Knockdown of Rac1 decreases ROS production and precludes EGF-mediated increase of transepithelial current in M-1 cells.

We have recently demonstrated an essential role for small GTPase Rac1, which represents an essential subunit of the NADPH oxidase complex, in the regulation of ENaC activity (27). To test a role of the NADPH complex in the regulation of transepithelial current by EGF, we have used a previously generated M-1 stable cell line with knockdown of Rac1, in which Rac1 expression was up to 75% decreased as previously shown by Western blotting and densitometry assays (27). Efficient downregulation of Rac1 expression in M-1 cells stably expressing anti-Rac1 shRNA was verified by Western blot analysis (Fig. 8A). As we have previously shown with transepithelial current measurements and patch clamp analysis, Rac1 knockdown significantly decreased basal transepithelial current and ENaC activity in the M-1 cells (27). Many of the Rac1 functions are mediated through regulation of actin organization (12). To test whether knockdown of Rac1 destroyed the actin cytoskeleton integrity, we performed additional experiments. Staining with rhodamine-phalloidin was performed to trace any changes in the spatial organization of the actin cytoskeleton that could be due to the knockdown of this small GTPase. However, as shown on Fig. 8B, knockdown of Rac1 did not alter the distribution of the actin cytoskeleton within the cells. To further confirm that knockdown of Rac1 did not affect the morphology of the cells and their polarity, electron microscopy experiments were performed. As demonstrated on the representative electron micrographs on Fig. 8C, Rac1 knockdown did not elicit any changes in the M-1 cell phenotype compared with control. For instance, close-up images demonstrate that tight junctions as well as monolayer integrity remain unchanged.
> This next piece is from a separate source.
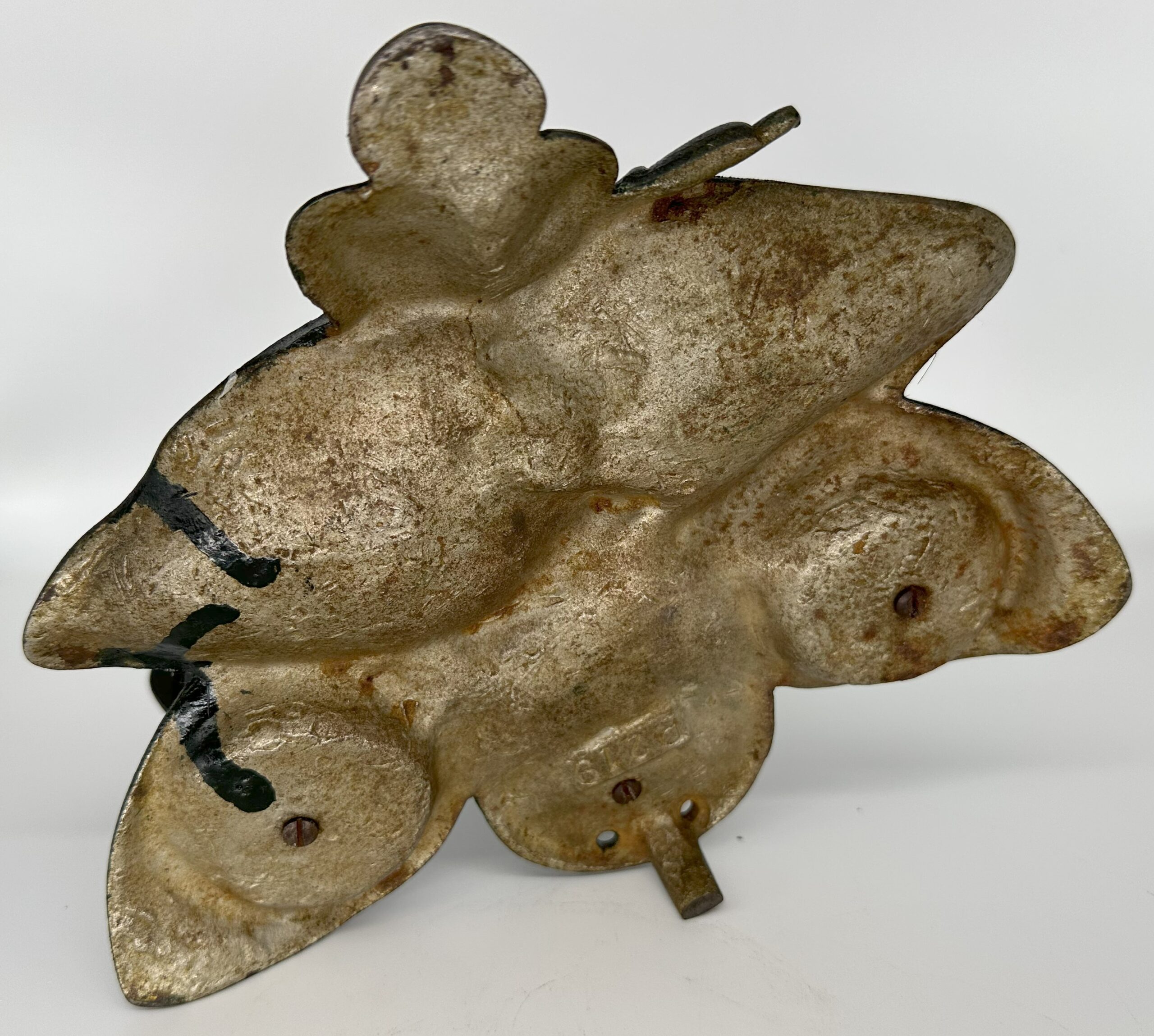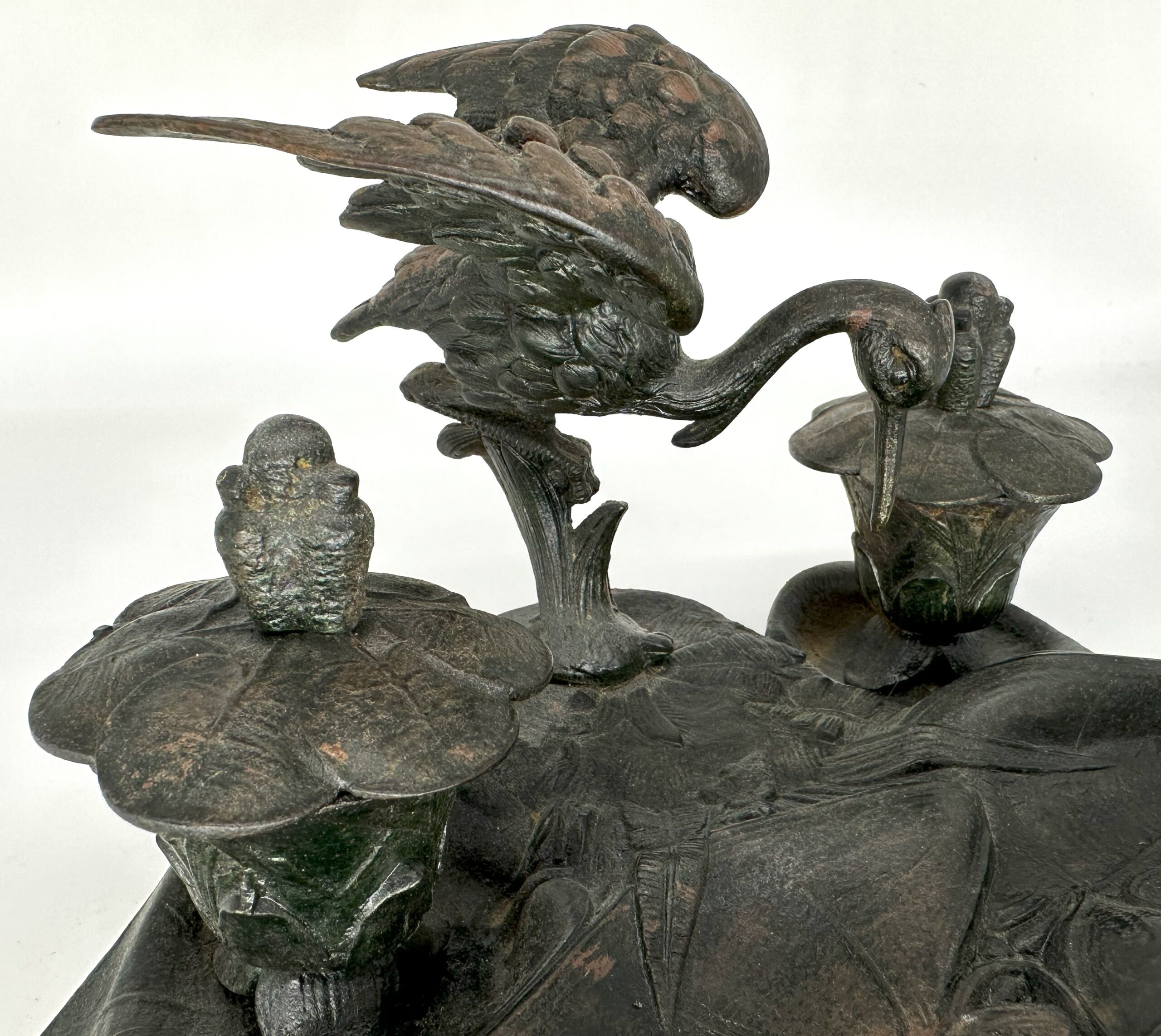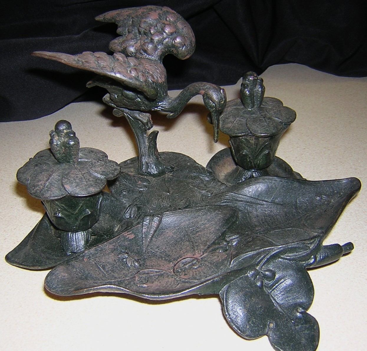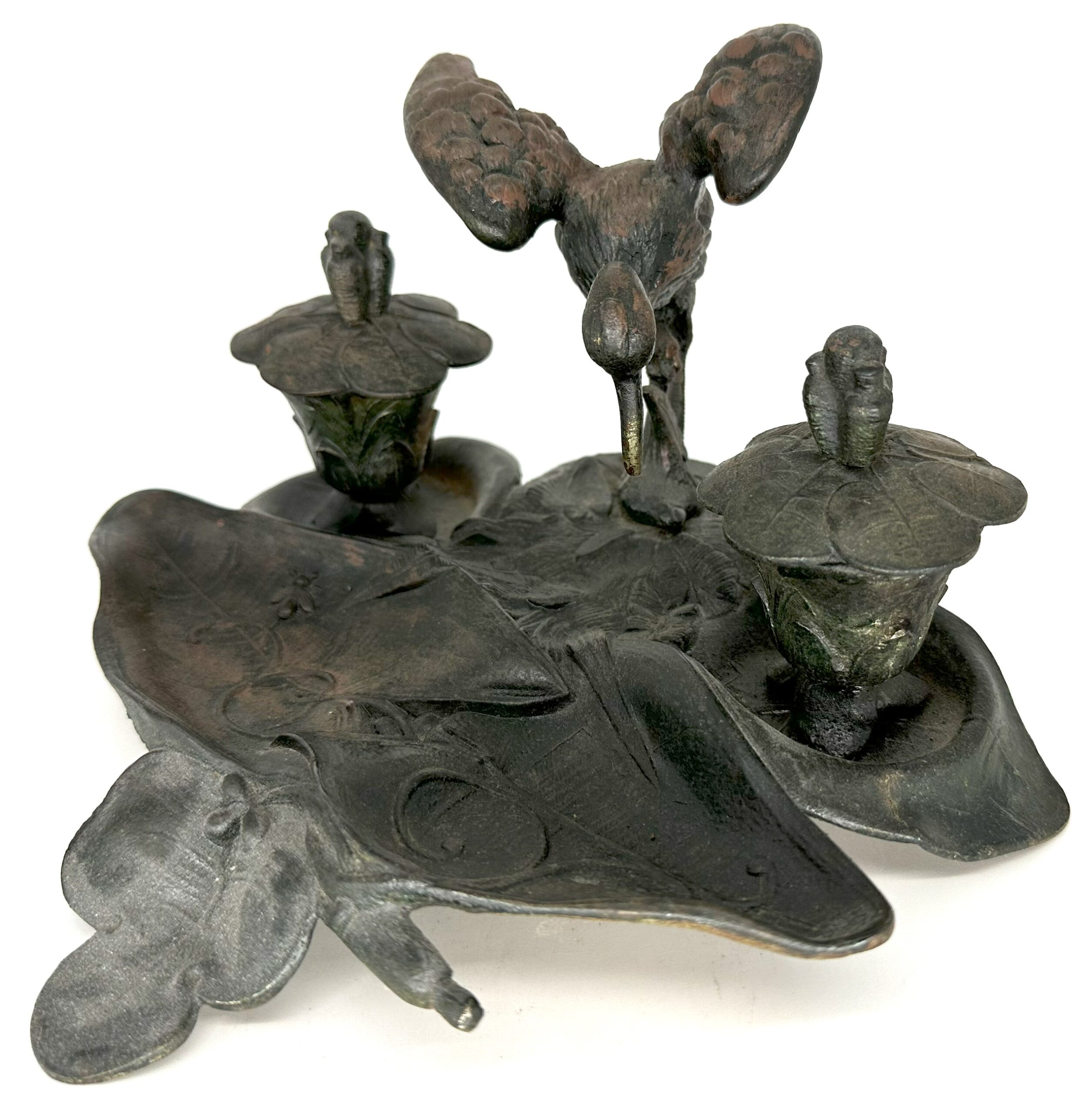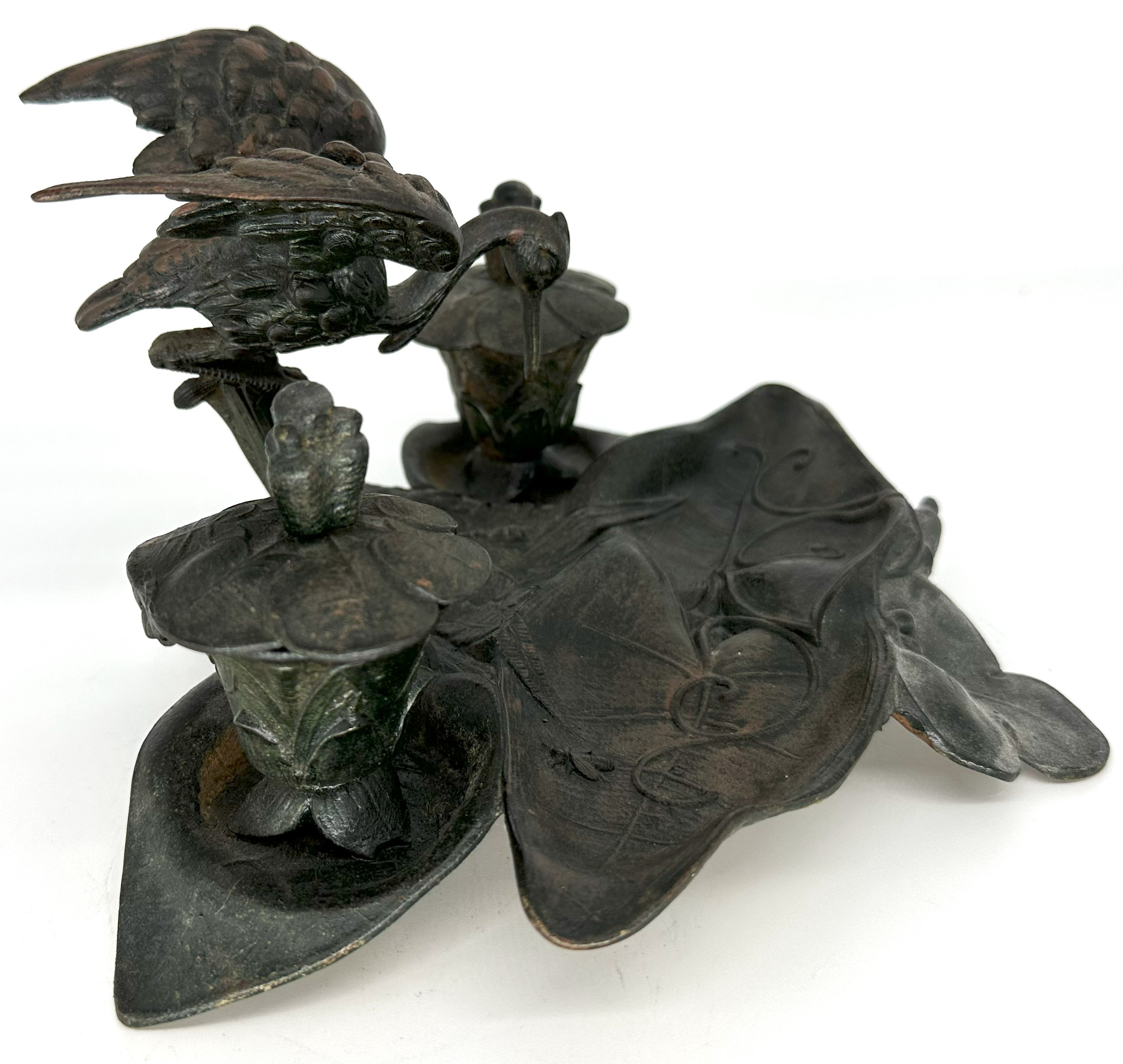 Cast iron inkstand with an Oriental theme, centering on a stork, lotus shaped inkwells, and floral /fauna pen tray. Marked on the bottom: “D219” in a square.

As we previously demonstrated, Rac1 knockdown cells exhibited diminished equivalent short circuit currents compared with control (scrambled shRNA) cells (27). We further tested whether Rac1 knockdown cells are stimulated by EGF. As shown by equivalent transepithelial current measurements, Rac1 depletion prevents an elevation in amiloride-sensitive currents in response to 10 ng/ml of EGF that is observed in wild-type cells (Fig. 9A). Therefore, Rac1 is required for acute stimulation of transepithelial currents by EGF. Corresponding transepithelial resistances (R_T) for the represented I_eq experiment are reported in Fig. 9B. Interestingly, treatment with EGF did not decrease R_T, which might suggest that EGF is affecting other components of the ion transport process in these cells. For instance, future studies are required to test whether EGF affects paracellular transport. While the distal nephron, including CCD, is considered a tight epithelium with high transepithelial resistance and low passive ion permeability (56), the paracellular pathway in the collecting duct might also play a role in transepithelial absorption.